Topics to be covered:

  • What is Visual Studio LightSwitch and who is the target audience?

  • Installing Microsoft LightSwitch

  • Installing the databases used in the book

After this chapter, the reader would have a basic understanding of what this software is about, how to install the software, and how to install the necessary database(s) to work with the software.


What is Visual Studio LightSwitch and who is the target audience?

Microsoft Visual Studio LightSwitch (will be called VSLS from here on) is the most recent offering in the Visual Studio suite of products that provides a fast and easy means to create professional-quality line-of-business applications for the three important application genres: the desktop, web, and cloud.
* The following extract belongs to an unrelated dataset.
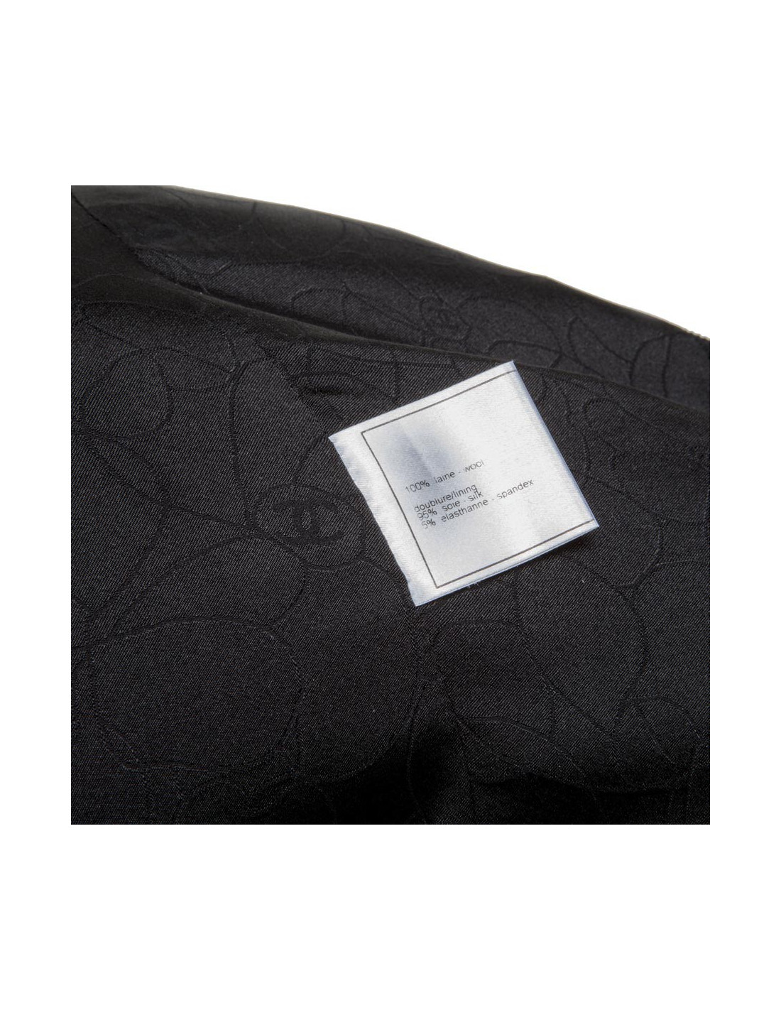Veste Chanel en laine noire taille 40. Ornée de boutons marqués "Chanel Paris", se ferme grâce à trois boutons en agrafe. L'intérieur de la veste, doublé de soie au monogramme Chanel, est bordé par une fine chaîne en argent. Elle comporte deux poches discrètes à l'avant.
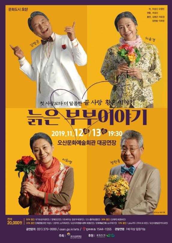 서울 대학로에서 오랜 시간 사랑을 받았던 황혼의 로맨스를 담은 연극 ‘늙은 부부이야기’가 오산문화예술회관 대공연장에서 오는 12일, 13일 오후 7시 30분 이틀간 공연 될 예정이다.

However, it is to be noted that in Beta 1, hosting the LightSwitch application on Windows Azure was not supported and in Beta 2, it is supported.

There has been some debate as to the target audience for this product, but from the developments that the product has undergone from Beta 1 to Beta 2, it is easy to see that it should appeal to a larger group than was initially intended. The extension points and the fact that VSLS applications can be deployed to Windows Azure will now appeal to a larger group than was initially envisaged. It should appeal to small businesses that have minimal developer support to bigger departmental applications; to software vendors that would build upon VSLS's core capabilities using its extensibility features; to businesses that may want to migrate their legacy Microsoft Access-based applications to the Cloud. With future enhancements to the product, it may even be possible to move Visual FoxPro applications.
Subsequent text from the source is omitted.